Mentre cresce il rollìo ed il beccheggio, con gran detrimento delle porcellane di bordo, il prof. Sapeto trova una felice diversione alle preoccupazioni del momento mangiando certe belle pere piovute, non si sa come, dalla dispensa. Io lo imito con entusiasmo.

La Dio mercè, in meno di mezz’ora, lunga mezz’ora, la barra fu tratta fuori e messa a posto. Cionondimeno, reputando il capitano che lo stato del mare e le avarie sofferte non permettessero alla nave di procedere oltre senza pericolo, ordinò di poggiare per settentrione, e così fu fatto. Navigando omai a seconda del vento, non era più a temersi il fortunale. La notte infatti si terminò senz’altro incidente, ed avendo in poche ore percorso un lungo tratto, ci ritrovammo all’alba dinanzi alle balze scoscese del capo Matapan, d’onde proseguimmo verso Cerigo, per poi attraversare il canale dei Cervi.
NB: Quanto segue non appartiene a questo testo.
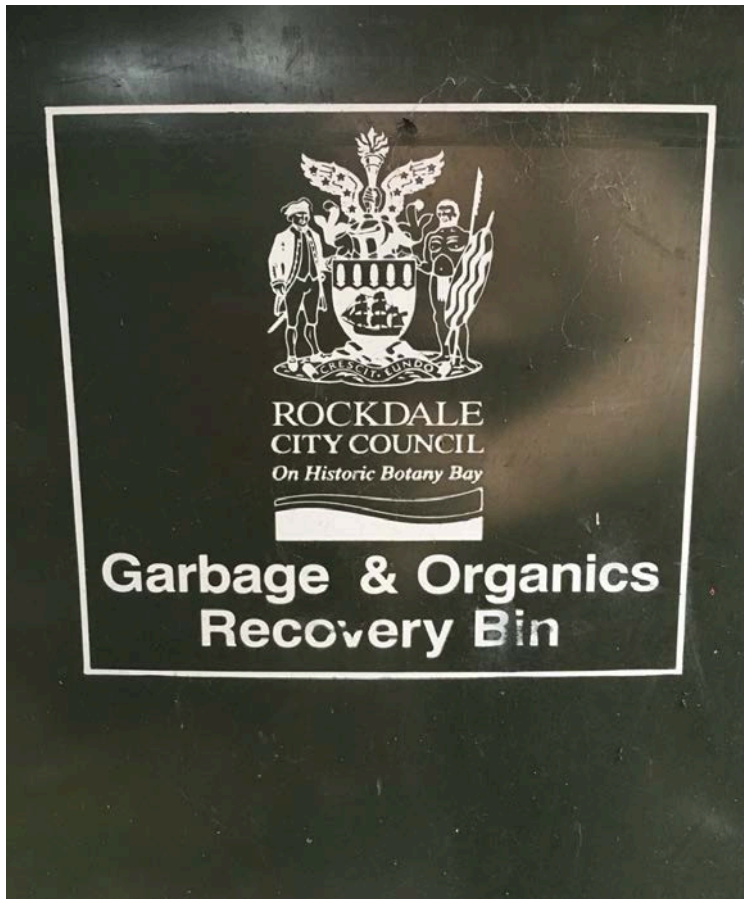
Figure 2: Image of Self in the Recovery Bin Logo from Kamay – (Botany Bay), 2020.

Essendosi intanto un po’ calmato il mare e l’aspetto del cielo promettendoci tempo migliore, governammo per oriente, cioè verso Candia, che non tardò a mostrarsi all’orizzonte. Tramontato il sole ed avvistato il fanale di Suda, il piroscafo si diresse a piccola velocità, parallelamente alla costa settentrionale dell’isola, a riparo dello scirocco che pur sempre continuava a soffiare con veemenza. Il mattino seguente ci trovò presso l’estremità orientale di Candia, mentre ci innoltravamo in alto mare colla speranza di incontrare un tempo più propizio. Vana lusinga! Non appena perduto di vista il capo Sidero, il cielo si abbuiò sinistramente, il vento si mise a stridere tra le sartie ed il mare nuovamente ingrossò. Alle 4, circa, dopo il meriggio, un immenso cavallone si riversò romoreggiando sulla poppa, ed una gran massa d’acqua penetrando negli spiragli della macchina, poco mancò che non spegnesse i fuochi; la qual cosa vedendo il capitano, divisò di retrocedere per la seconda volta e di appoggiare nel porto più vicino di Candia per aspettarvi la fine del temporale.